Limit is the number of records to be returned, on which we will set a maximum and default. Page will begin at 1 and increase the offset of records returned.

Validation should be performed on the query parameters passed, and default values should be supplied (our default limit will be 10, maximum 50):

// parseInt attempts to parse the value to an integer
// it returns a special "NaN" value when it is Not a Number.
var page = parseInt(req.query.page, 10);
if (isNaN(page) || page < 1) {
  page = 1;
}var limit = parseInt(req.query.limit, 10);
if (isNaN(limit)) {
  limit = 10;
} else if (limit > 50) {
  limit = 50;
} else if (limit < 1) {
  limit = 1;
}

To apply these settings we first need to perform a query which tells us how many records there are. This sets us up to calculate the total number of pages.

For our tutorial, we have no WHERE clause so this query is simply counting all of the records in the table, but if you allowed filtering you would need to also specify those criteria here:

var sql = 'SELECT count(1) FROM photo';
postgres.client.query(sql, function(err, result) {
  var count = parseInt(result.rows[0].count, 10);
});

Because the count returned is a string, we must parse it to an integer in order to perform some basic calculations.

We now calculate the offset. The page number is reduced by one, and multiplied by the limit per page. This gives us the starting record for our query.

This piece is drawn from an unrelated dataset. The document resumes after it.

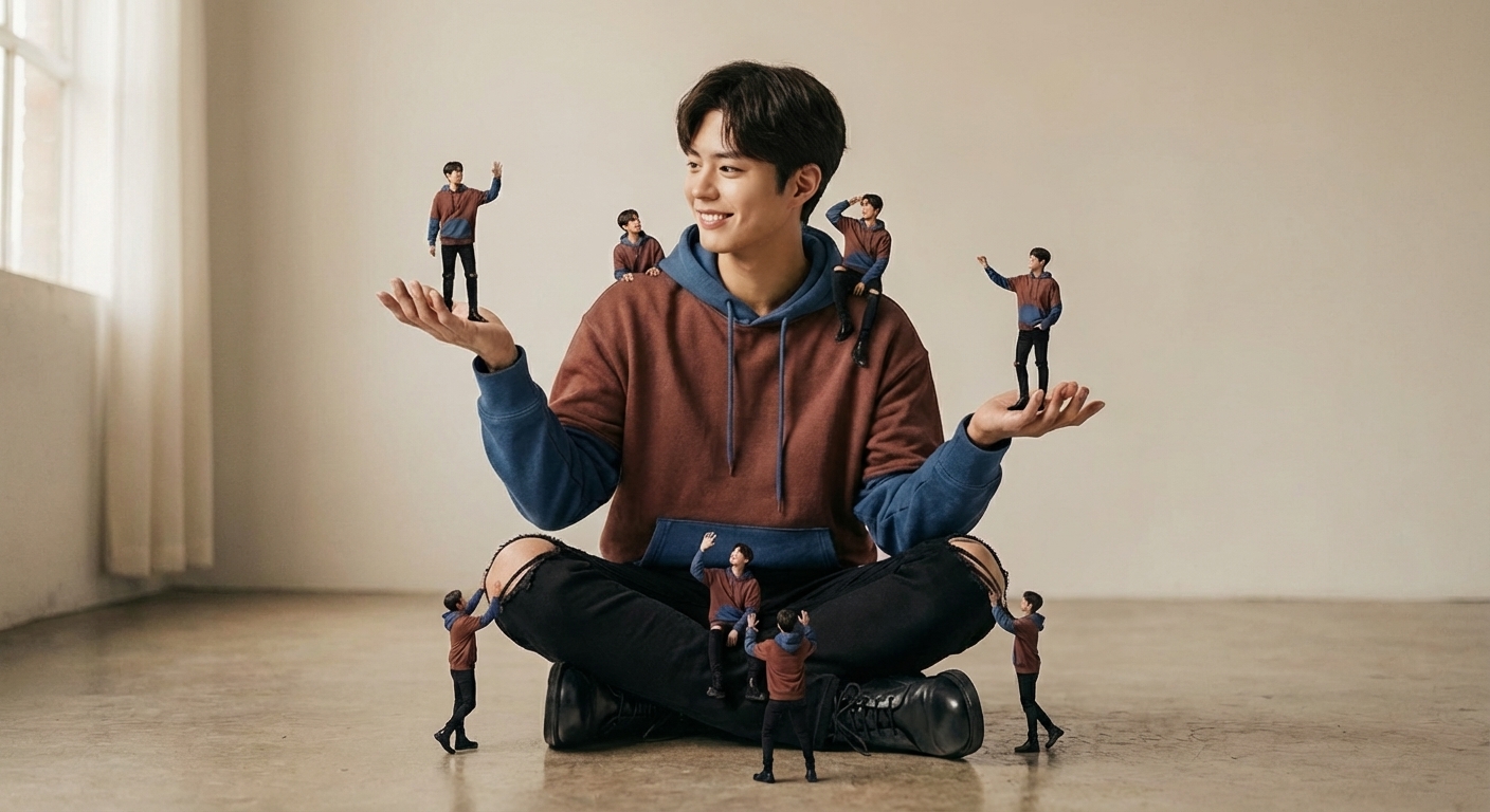 Creative surreal portrait of a man sitting on the floor wearing a brownish red blue hoodie, ripped black pants, and boots, surrounded by several miniature versions of himself. Several smaller versions stand on his hands, shoulders, and around him on the floor, interacting playfully with the larger versions. The light gray background is minimalist, clean and simple. The lighting is soft and cinematic, with realistic shadows and depth of field.

var offset = (page - 1) * limit;

We have our lower and upper bounds for our final query (offset and limit), let’s build the SQL to return our paginated results:

sql = 'SELECT * FROM photo OFFSET $1 LIMIT $2';
postgres.client.query(sql, [offset, limit], function(err, result) {
  res.json(result.rows);
});

So now we can start our server and test some requests. If you receive an empty result, simply create some sample data in your database.

If you look carefully, our page number has changed and a different result is returned

Multi-part forms

While not actually a concept of REST APIs, it’s important to understand the difference between types of forms and requests which are pointed at your API.

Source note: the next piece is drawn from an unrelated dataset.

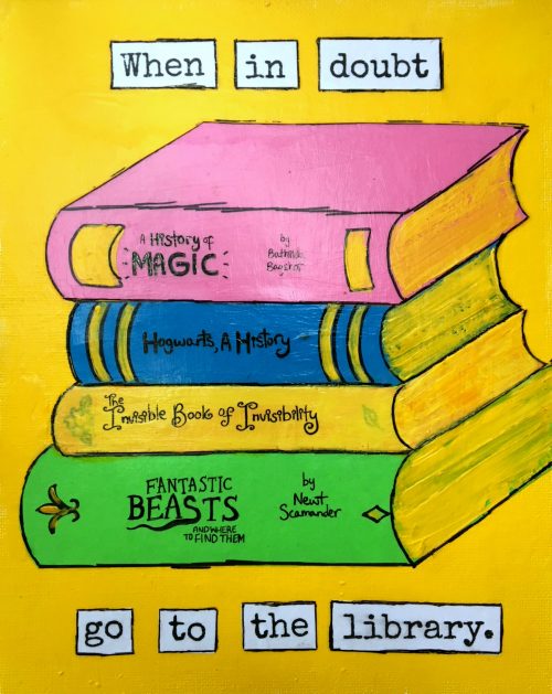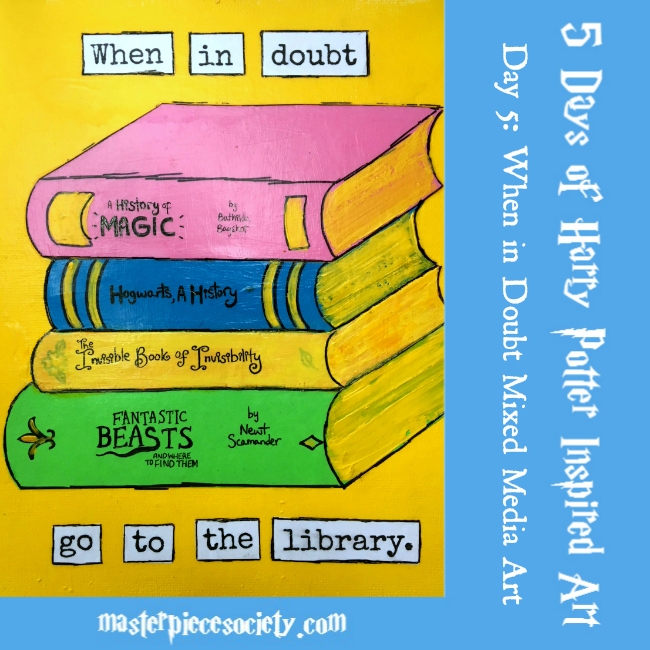 And we’ve made it to the last day of our Harry Potter inspired art projects!!! In this lesson, we’re going to create a mixed media, “When in Doubt, Go to the Library.”

So far we have looked at the ability to send data over a POST body in a HTTP request, we have seen how to retrieve data from a URI by using parameters but one thing we haven’t touched on is how might someone send a file to our server.

Enter multi-part forms.

A multi-part form is a method of sending data from your browser to a remote server via the POST method in HTTP. To enable multi-part in a particular HTML form we simply specify an enctype (encoding type) attribute. Without this attribute the browser will not attempt to read in data from the local system to send to the server.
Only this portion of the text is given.